DATA SECTION Start Marker

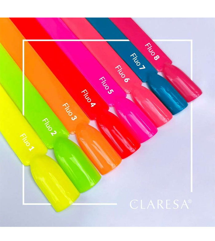 Los esmaltes semipermanentes de la gama Fluo de Claresa tienen unos colores vibrantes y llenos de energía que nos inspiran a disfrutar del sol con una manicura que no pasará desapercibida.
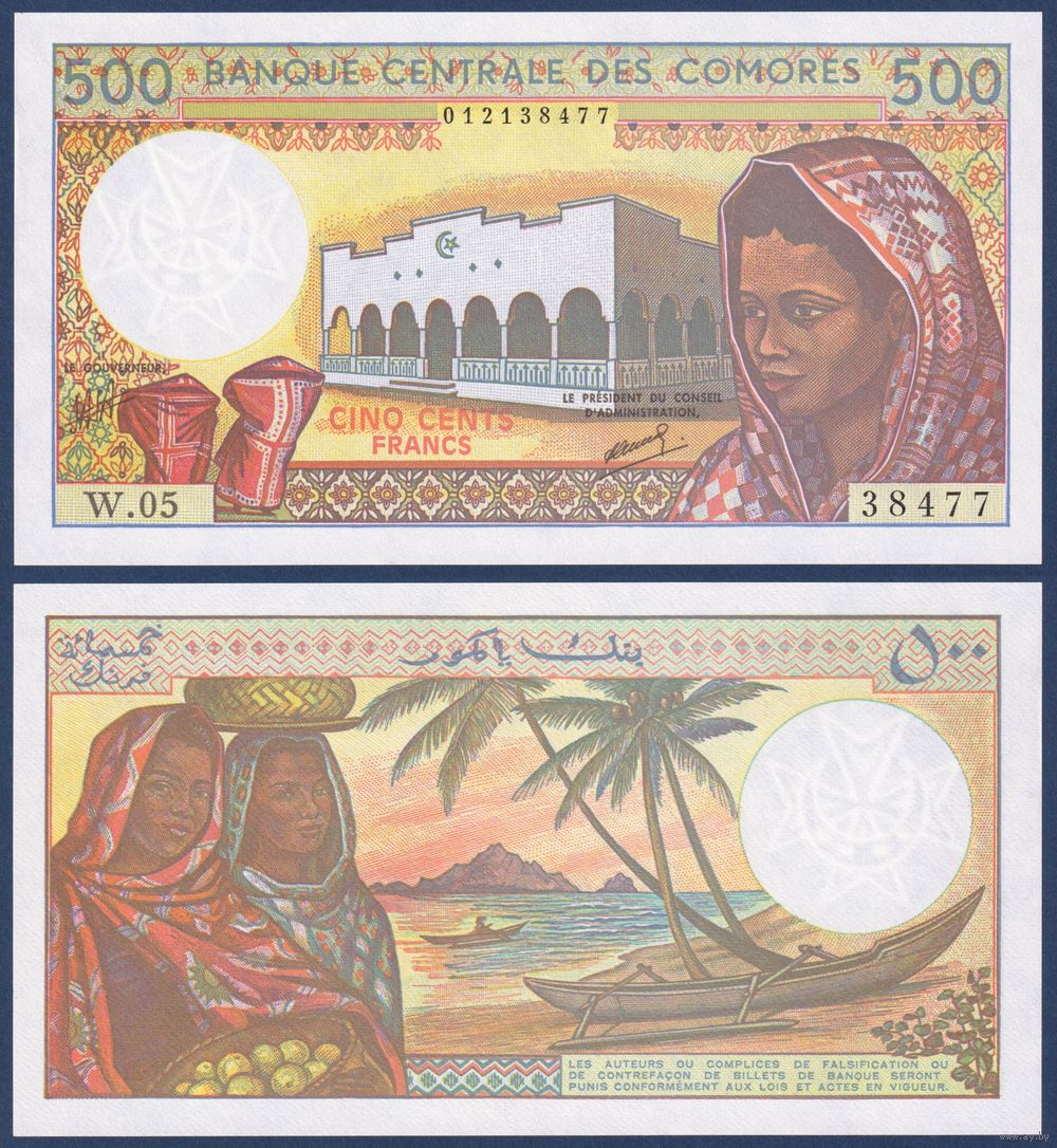 Коморские острова (Коморы), 500 франков 1984-2004 г., P-10b(2) (W, город Мутсамуду, женщины, лодки), UNC
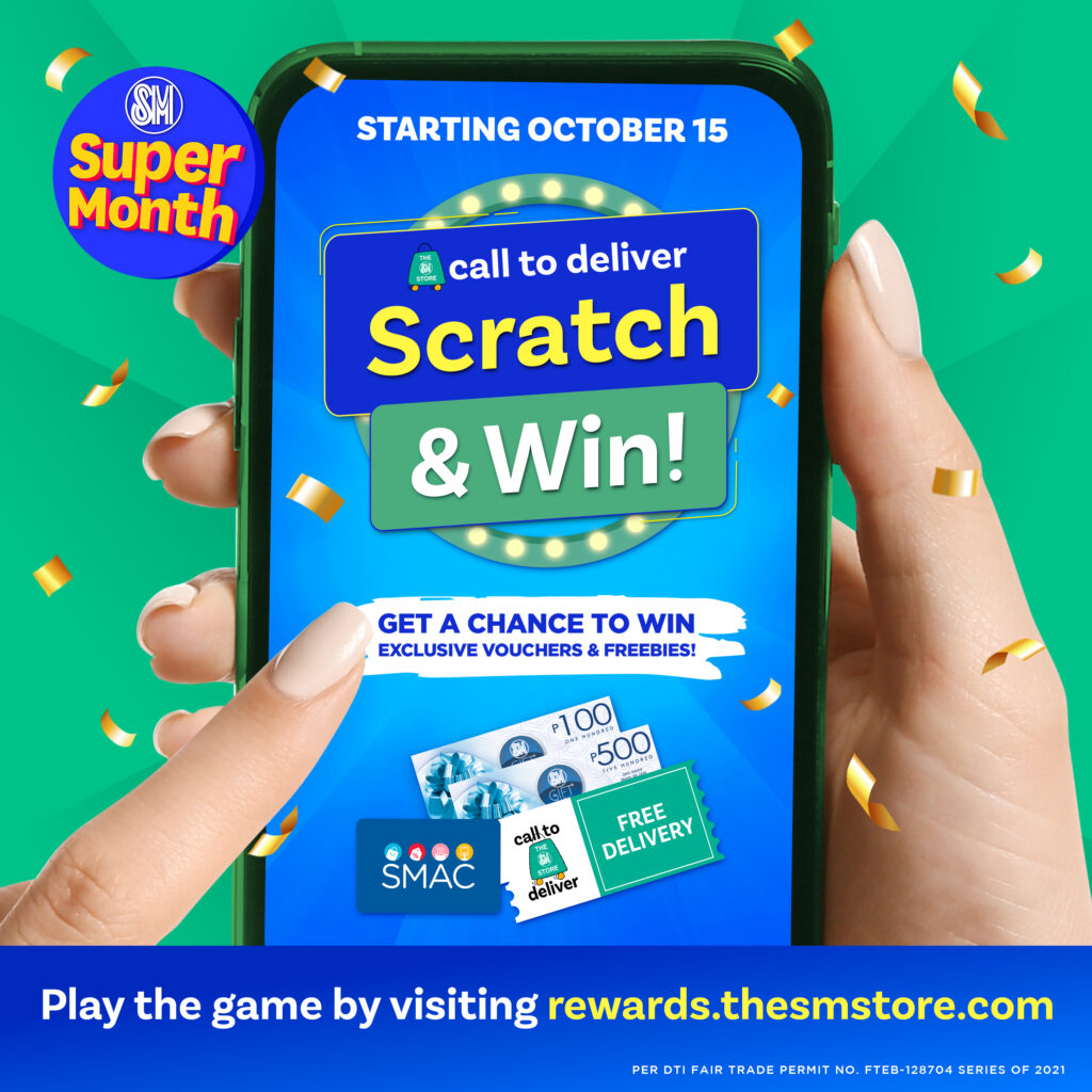 As SM continues to celebrate the birth month of its founder Henry Sy Sr. this October with Super Month, you can get a chance to win exclusive vouchers and freebies from The SM Store Call to Deliver Scratch & Win promotion starting October 15, 2021 to January 15, 2022. Play Scratch & Win by registering a Philippine-issued mobile number using mobile phones or tablets at rewards.thesmstore.com.

DATA SECTION End Marker

• [WHAT TO WORK ON]: The listing above must be given again exactly, minus its pictures.

• [EXPECTED ANSWER]:
 Los esmaltes semipermanentes de la gama Fluo de Claresa tienen unos colores vibrantes y llenos de energía que nos inspiran a disfrutar del sol con una manicura que no pasará desapercibida.
 Коморские острова (Коморы), 500 франков 1984-2004 г., P-10b(2) (W, город Мутсамуду, женщины, лодки), UNC
 As SM continues to celebrate the birth month of its founder Henry Sy Sr. this October with Super Month, you can get a chance to win exclusive vouchers and freebies from The SM Store Call to Deliver Scratch & Win promotion starting October 15, 2021 to January 15, 2022. Play Scratch & Win by registering a Philippine-issued mobile number using mobile phones or tablets at rewards.thesmstore.com.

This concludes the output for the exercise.